Features
Danish Pop Band Marks 20 Years Of Fame In Asia
But the trio’s success belies a curious facet of its career: Two decades after releasing its debut CD, Michael Learns To Rock remains unknown in the United States and much of Europe but retains a legion of fans far away in Asia.
“When we started out by playing small gigs in small towns in Denmark, we had big dreams about world fame and fortune, but we feel privileged enough now to be embraced in Asia,” drummer Kare Wanscher said in an interview in Kuala Lumpur this week during a three-concert Malaysian tour.
Michael Learns To Rock initially comprised a quartet of two high school friends and their acquaintances who grew up loving pop music. They came up with their band’s name on a whim, inspired by Michael Jackson and 1980s groups such as Johnny Hates Jazz and Frankie Goes To Hollywood.
The young men enjoyed a promising beginning by winning a 1988 talent competition in Denmark and writing English-language songs that secured them a recording contract in the United States.
Despite recording their eponymous first album in Los Angeles and embarking on a promotional push in New York in 1991, the CD flopped in America. Their lead single, “The Actor,” received airplay in Denmark, Sweden and Switzerland, but the foundation for their future was paved by an Asian record executive who made it a No. 1 smash in Indonesia.
Other Asian nations such as Malaysia, Singapore and the Philippines soon succumbed to the band’s charms, which blend the easy-listening wistfulness of Barry Manilow with the infectious melodies of ABBA.

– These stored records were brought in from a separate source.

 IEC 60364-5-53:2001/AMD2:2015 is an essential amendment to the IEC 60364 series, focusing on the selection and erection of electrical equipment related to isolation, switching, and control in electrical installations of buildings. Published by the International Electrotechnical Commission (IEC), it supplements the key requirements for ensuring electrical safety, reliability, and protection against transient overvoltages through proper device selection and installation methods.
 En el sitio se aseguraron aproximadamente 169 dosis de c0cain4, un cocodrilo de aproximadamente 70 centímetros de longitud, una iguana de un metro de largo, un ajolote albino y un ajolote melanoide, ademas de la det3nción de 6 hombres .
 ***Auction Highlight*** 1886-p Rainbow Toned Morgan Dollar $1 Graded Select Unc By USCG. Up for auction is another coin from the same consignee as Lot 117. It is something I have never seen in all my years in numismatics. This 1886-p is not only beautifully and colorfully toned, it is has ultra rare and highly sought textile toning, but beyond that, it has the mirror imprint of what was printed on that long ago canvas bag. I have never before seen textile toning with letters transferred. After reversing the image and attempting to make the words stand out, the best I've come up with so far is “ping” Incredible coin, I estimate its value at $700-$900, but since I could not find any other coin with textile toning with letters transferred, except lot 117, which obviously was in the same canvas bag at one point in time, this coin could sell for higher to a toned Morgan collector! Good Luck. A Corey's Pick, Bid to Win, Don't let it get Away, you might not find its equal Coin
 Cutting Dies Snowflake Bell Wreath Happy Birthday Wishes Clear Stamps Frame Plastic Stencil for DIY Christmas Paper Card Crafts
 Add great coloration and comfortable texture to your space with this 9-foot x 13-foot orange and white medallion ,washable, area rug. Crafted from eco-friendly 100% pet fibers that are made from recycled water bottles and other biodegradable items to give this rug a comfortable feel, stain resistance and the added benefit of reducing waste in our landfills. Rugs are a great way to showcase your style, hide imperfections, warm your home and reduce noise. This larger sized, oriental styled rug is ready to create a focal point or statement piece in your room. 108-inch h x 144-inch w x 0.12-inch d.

“The honest feelings in our songs fit the Asian way,” said songwriter Jascha Richter, whose warm vocals have surely formed the soundtrack for numerous real-life teenage romances. “When we come to this region, we see a tradition for singing along to love songs that match our approach.”
Some critics call Michael Learns To Rock’s music mawkish. One of its biggest hits, “25 Minutes,” tells of a man who searches for a lover with whom he broke up, only to find her standing in a wedding gown in front of a church. She tearfully informs him that he’s 25 minutes too late.
But their radio-friendly earnestness turned the three men into Denmark’s biggest pop export, handing them respectable CD sales from Taiwan to Thailand and making them the headliners for a star-studded 1997 Hong Kong concert that marked the former British colony’s return to Chinese rule.
Another 1997 show in Hanoi nearly sparked a stampede when thousands of Vietnamese fans who were tricked into buying fake tickets hurled bricks through windows to enter the hall. Riot police escorted the band to safety.
These days, the band has a relaxed routine of making an album every few years and touring regularly, with recent stops in China and India. It plans to issue its eighth album this summer and still wants to perform in Bangladesh and Nepal.
Now in their 40s, with children they take on tour, the men say their youthful ambitions for wider fame have vanished.
“We’re busy and happy. We won’t try to spend a year in America to crack its market,” said guitarist Mikkel Lentz.